On September 10, 2017, Hurricane Irma made landfall as a Category 4 hurricane at Cudjoe Key, causing billions of dollars of damage throughout the keys. She will never be forgotten. Six months later, her rampage is starkly evident in the upper keys. Don Duchane, an Islamorada resident of 25 years, rode out the storm in a friends hurricane fortified home and states, “Never again! I stayed for Charlie, Gordon, Wilma, and Katrina but I will never stay for another Cat 4, and probably not a Cat 3”. He recalls those hours as the scariest in his life. “I thought I was going to die”.
As you enter the upper keys from Homestead, there are little remnants of the storm. Small sections of the large black fence that runs along Highway 1 are missing and there is some repair to areas of erosion but the mangroves of the Everglades are lush and green. Closer to Key Largo, Irma’s visit becomes more obvious.
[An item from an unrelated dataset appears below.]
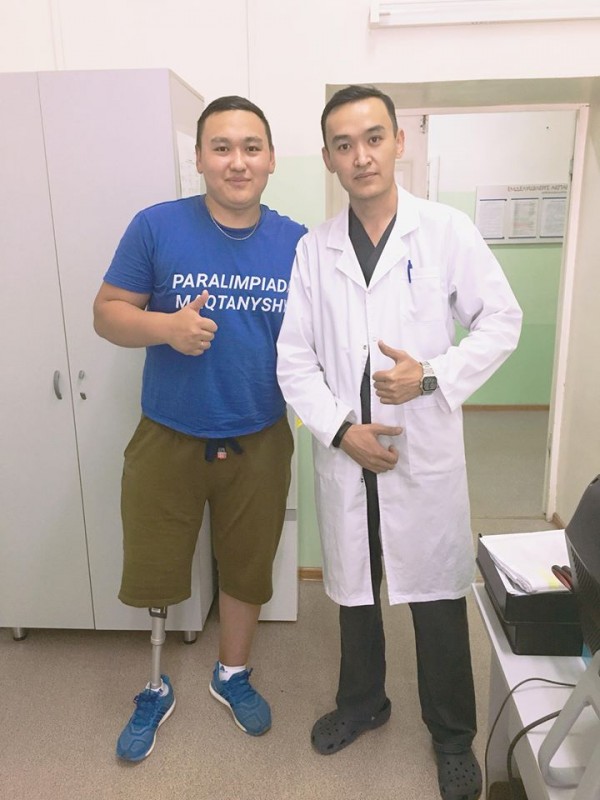 "По основному заболеванию у него проходит ремиссия. Пока Бахтияр привыкает к протезу, но он может заниматься спортом в составе паралимпийцев. С протезом он также может заниматься в спортивном зале с физическими нагрузками", - говорит его лечащий врач из Казахского НИИ онкологии и радиологии Куаныш Орманов.

The view from atop Jewfish Creek, once a verdant and turquoise spectacle, now a muted palette with hues of brown from large patches of dead mangroves.
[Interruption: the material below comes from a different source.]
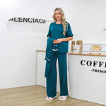 Autumn New European Women's Fashion Knitted Three-Piece Set Comfortable Warm Versatile Long Robe Color Block Casual Outfit
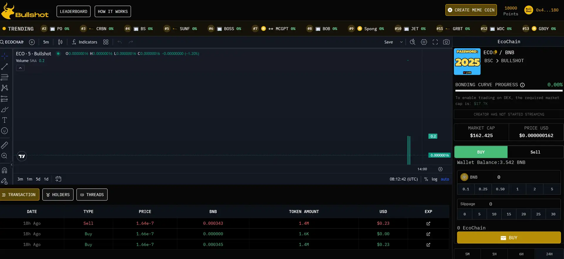 Launched with a clear focus on simplicity and virality, Bullshot features an intuitive UI and leaderboard-based incentive model that appeals to both experienced crypto users and complete newcomers. Its point system rewards users for every major action — from creating a meme coin (500 points), to sending it to DEX (10,000 points), and even referring friends (20% of their points).

Deeper into Key Largo, many trees are awkwardly leaning as if they were frozen in time making a homage to the hurricane gods. Others are straightened, yet splinted at the bases to ensure they reestablish a strong root system. As the Overseas Highway leads south, there are more barren trees, stripped completely of their foliage, still after 6 months. Just north of Islamorada, the remains of a large ocean side trailer park remains fenced off and guarded by security. Once vacation hideaways are tossed about the barren space like tin cans.
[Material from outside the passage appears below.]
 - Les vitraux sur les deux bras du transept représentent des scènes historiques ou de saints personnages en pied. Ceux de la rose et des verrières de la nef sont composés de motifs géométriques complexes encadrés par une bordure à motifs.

Middle Islamorada becomes increasingly more depilated, many trees either no longer present or without the foliage seem to give a more open-air appearance. Many businesses are operating without signage or have undergone major renovations. The restaurants are full of patrons and many of the smaller hotels are open. Sadly, Postcard Inn took a hard hit and remains closed. Its marina was completely destroyed and is undergoing a remodel. It is unsure when it will reopen and if it will provide the same sports fishing activities as it did pre-Irma.
Continuing south, large concrete skeletons line the east side of the island, people rebuilding their homes, rebuilding their dreams. The old icons of Islamorada are alive and well: Loreli, Morada Bay, Islamorada Fish Company, Lazy Days, Bud and Mary’s, and Robbie’s all with full parking lots and lots of tourist supporting our little piece of island heaven.
The drive towards Marathon is very sad. Anne’s beach remains closed, it’s entryway draped in yellow caution tape. Sometimes Mother Nature has her way and she can have a strong disciplinary hand. Homes are leveled or just concrete skeletons of once million dollar paradises, large lots of blank sand surrounded by fences where a home and trees once stood. There is a flurry of activity to rebuild. Many homes have containers or dumpsters in the yard with obvious signs of construction, debris is almost completely removed and fallen trees are few and far between.
Despite Irma’s lasting footprint, the small roadside accesses are filled with families and friends picnicking and fishing. Boats fill the stunning turquoise water and the air smells of salt and Saturday afternoon BBQ. The keys are resilient and nothing says #keysstrong than this lone flag posted along Route 1 on Long Key.